Aaron dropped to his knees before her chair. The paper crown tumbled off, rolling away into the shadows. Without it, without the ridiculous cape, he looked like himself again. Except for his eyes. His eyes looked absolutely terrified.

“What was the performance meant to mean?” Louise’s voice emerged barely above a whisper.

Aaron’s hands found hers where they gripped the chair arms. His touch sent electricity through her entire body, every nerve remembering what it felt like to be held by him.

“It means I’m a fool.” The words tumbled out, rushed and desperate. “It means I let fear control me, dictate my choices, steal my happiness. It means I nearly lost the best thing that ever happened to me because I was too much of a coward to believe I deserved it.”

Louise pulled her hands away, needing distance to think. “You sent us away. Without a word of protest, without asking us to stay.”

“I know.” Aaron remained on his knees, making no attempt to chase her withdrawn hands. “I stood there and let you walk out because I convinced myself it was noble. That I was protecting you. But I was only protecting myself from the possibility of happiness I didn’t think I’d earned.”

“Do you have any idea what these days have been like?” The words escaped before Louise could stop them, raw with accumulated pain.

“Watching Emily cry herself to sleep? Pretending to care about other men’s attention when all I wanted was you?

Living half a life because the other half stayed behind in your house? ”

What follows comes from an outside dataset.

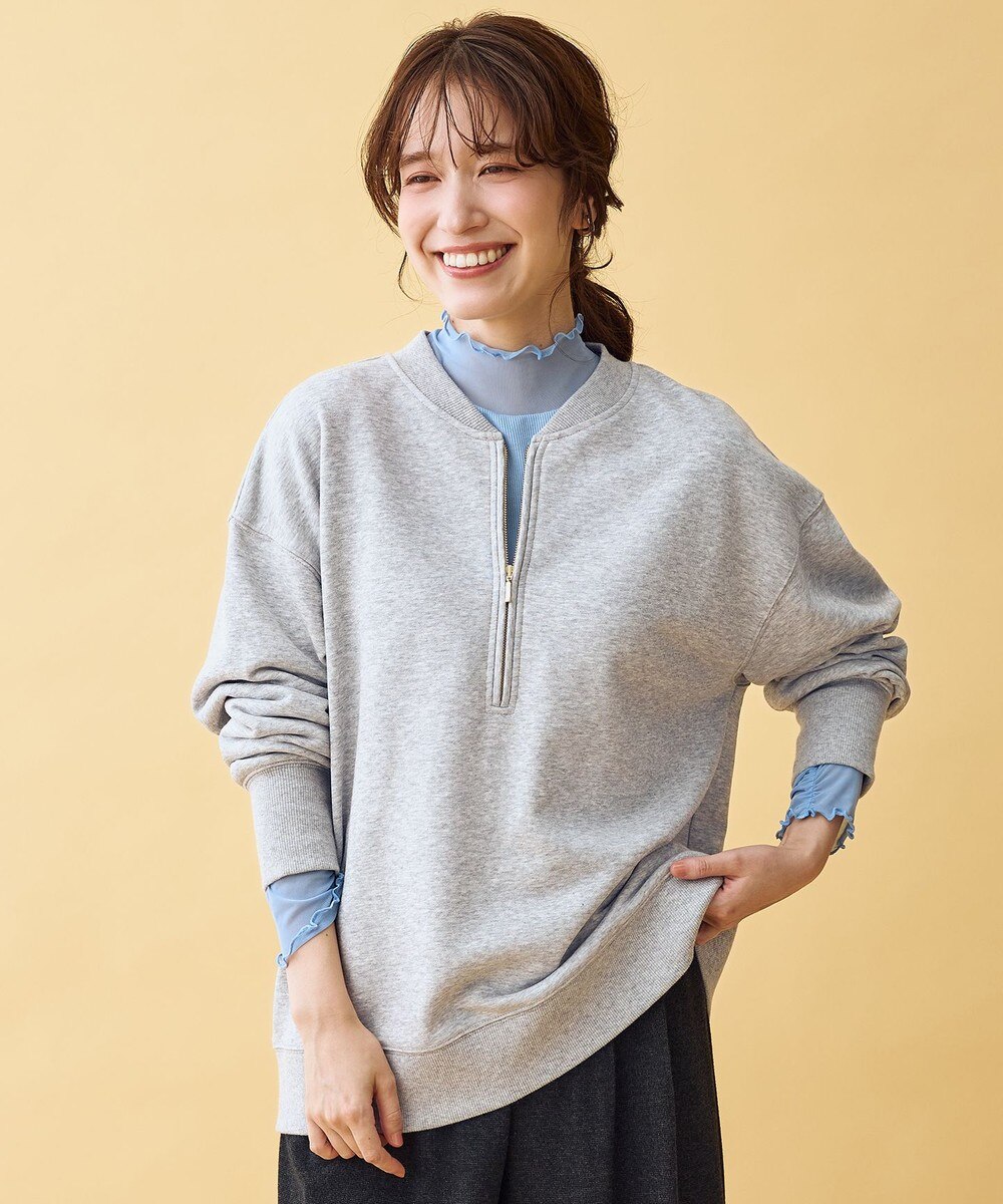 【オンワード】 ANY>トップス ハーフジップスウェット ライトグレー F レディース

Aaron’s face crumpled. “I’m sorry. God, Louise, I’m so sorry. I’ve been sitting in my study, drowning in brandy and self-pity while you suffered for my cowardice. There aren’t enough words to tell you how sorry I am.”

“Sorry doesn’t erase the pain, Aaron.”

“No, it doesn’t.” He shifted closer on his knees, still not touching her but close enough that she could smell his cologne, that mixture of sandalwood and something uniquely him.

“But maybe time could? Maybe patience? Maybe a lifetime of proving that I choose you over fear, every day, every moment?”

Louise looked down at the velvet box still sitting untouched in her lap. “What is this?”

“Open it.”

Her fingers trembled as she lifted the lid. Inside, nestled on white silk, lay a ring unlike anything she’d ever seen. Not the massive diamond she might have expected from a duke, but something far more precious. An emerald surrounded by pearls, intimate and perfect.